Company loans, which are administered by the wholly owned subsidiary Geldvoorelkaar in the Netherlands, continue to grow. Revenues for the quarter were up 12.9% compared to the same period last year. Today, Geldvoorelkaar is the largest crowdfunding business in the Netherlands and has experienced phenomenal growth for an extended period. Naturally, this growth will not continue forever in the Netherlands. We see competitors emerging, partly in the shape of new P2P providers, and also as other financial solutions for small and mid-size companies that are returning to the market – provided partly by traditional banks returning after an absence from the segment, and partly other types of risk capital funds which are growing on the Dutch market. To ensure that the building of new markets is thought-through and controlled without being affected by spiraling costs, the company’s strategy involves growing organically in new markets, initially in Belgium and a Scandinavian market before the end of 2015. Thereafter, new markets will be added gra-dually with the goal of maintaining Geldvoorelkaar’s monthly growth throughout 2016 underpinned by the new markets.

The company is now set to acquire capital to launch the third phase in the company’s brief history. This capital will be used to repay the bridging loan taken out to finance the capital retrieval in the fall of 2014. Further, the acquisition of Geldvoorelkaar will be completed, whose previous owners are yet to receive their final settlement.

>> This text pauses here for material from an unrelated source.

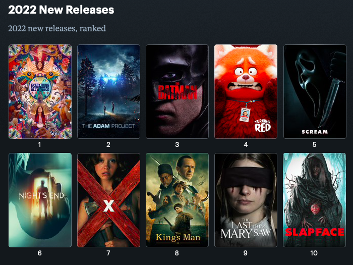 Anyway, yeah… I was a fan of this film. I haven’t seen a ton yet, but it’s easily the best movie of all the 2022 new releases I’ve seen so far (as the image above shows). Will it be #1 by year’s end? Well, the Into The Spiderverse sequel comes out this winter, so let’s pump the breaks on that. But it could well be my #1 going into December.

Finally, operational capital is needed for on-going operations and, even more importantly, to continue our comprehensive IT development of the next generation of consumer and company loan products. The board and management of the company are delighted to have recruited Philip Mikal as our new CEO, see separate press release for details. With his background from Klarna and other payment solutions companies, we firmly believe that he is the right person to lead TrustBuddy. The strategy currently incorporates three product areas: (i) the existing consumer product for mini-loans, (ii) the new consumer product, and (iii) the company product (SME) through the Geldvoorelkaar subsidiary. The existing consumer product for mini-loans was a great way for TrustBuddy to rapidly establish itself and build-up a significant business, which today is listed on the Nasdaq First North. However, it is clear that new product areas such as company loans and larger consumer loans have much greater potential, even if, as expected, competition intensifies in the years ahead. With TrustBuddy’s and Geldvoorelkaar’s five-year history and hundreds of thousands of transactions in the IT system we developed ourselves, I believe that we have an excellent opportunity to develop and lead the young P2P segment in Northern Europe. After six months’ clearing out we now have the organization under control, costs under control, our loan portfolio under control, our IT system under control and a robust business plan in place. I welcome you all to participate in TrustBuddy’s new rights issue and I handover to our new CEO wishing him all the best for the future.